Malignant nephrosclerosis is where hypertensive nephrosclerosis occurs in presence of malignant hypertension (when DBP > 130mmHg). Vessels feature intimal thickening, fibrinoid necrosis, red blood cell fragmentation, extravasation, thrombosis. These changes create an exaggerated layered appearance (onion skinning).

=== Urine test ===
Microalbuminuria (moderate increase in the levels of urinary albumin) is a non-specific finding in patients with vascular disease that is associated with increased risk of cardiovascular events. The majority of patients with benign nephrosclerosis have proteinuria in the range from 0.5 to 1 g/ 24hr. In the case of glomerular damage occurring in HN, hematuria can occur as well.

=== Definitive diagnosis ===
The definitive diagnosis of HN requires morphological examination. Common histological features can be identified in the renal and glomerular vasculature. Glomerulosclerosis is often present, either focally or globally, which is characterized by hardening of the vessel walls. Also, luminal narrowing of the arteries and arterioles of the kidney system. However, this type of procedure is likely to be preceded by a provisional diagnosis based on laboratory investigations.
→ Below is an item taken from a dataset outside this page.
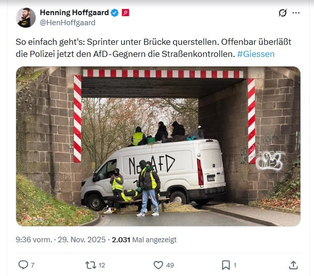 Die anderen sind Delegierte der AfD, die ihren Jugendverband gründen wollen. Teilnehmer dieser Veranstaltung konnten am heutigen Sonnabend, den 29.11.2025, nicht zum Veranstaltungsort Hessenhallen in Gießen gelangen. Bereits am gestrigen Freitag herrschte der Mob und Ausnahmezustand in der Ausänderhochburg. Immer wieder wurden von Dummen und Bösen Straßen blockiert. Auch am Samstagvormittag sind wohl alle wichtigen Zufahrtswege zum Veranstaltungsort der Gießener Messe blockiert. Totales Staatsversagen in Gießen. Die BRD, die seit Bestehen ein Vasallenstaat der VSA mit dem VK im Beiboot ist und lange schon ein Vielvölkerstaat, der nicht erst seit Jahren umgevolkt wird, sondern seit Jahrzehnten, zudem ein Apartheidstaat und ein Kriegsstaat, kann die Freiheit, die auch für Mitglieder der AfD gilt, nicht verteidigen. Die Führung ist entweder nicht willens oder in der Lage, die Versammlungsfreiheit zu verteidigen. Kenner und Kritiker halten das für eine miese Mischung aus beidem, denn die Quantität und Qualität des Einsatzes von Polizisten reicht hinten und vorne nicht. Staatsversagen total.

=== Future diagnostic approaches ===
Increasing access to, and use of, genome profiling may provide opportunity for diagnosis based on presentation and genetic risk factors, by identifying ApoL1 gene variants on chromosome 22.

== Management ==

The aim of the medical treatment is to slow the progression of chronic kidney disease by reducing blood pressure and albumin levels. The current published guidelines define ideal BP of <130/80 mmHg for patients with hypertensive nephropathy; studies show that anything higher or lower than this can increase cardiovascular risk. According to the African American Study of Kidney Disease (AASK) trial, after an additional 5 years follow-up upon completion of the 10-year trial, up to 65% of the cohort had progressive nephropathy despite having controlled the mean systolic BP level <135 mmHg.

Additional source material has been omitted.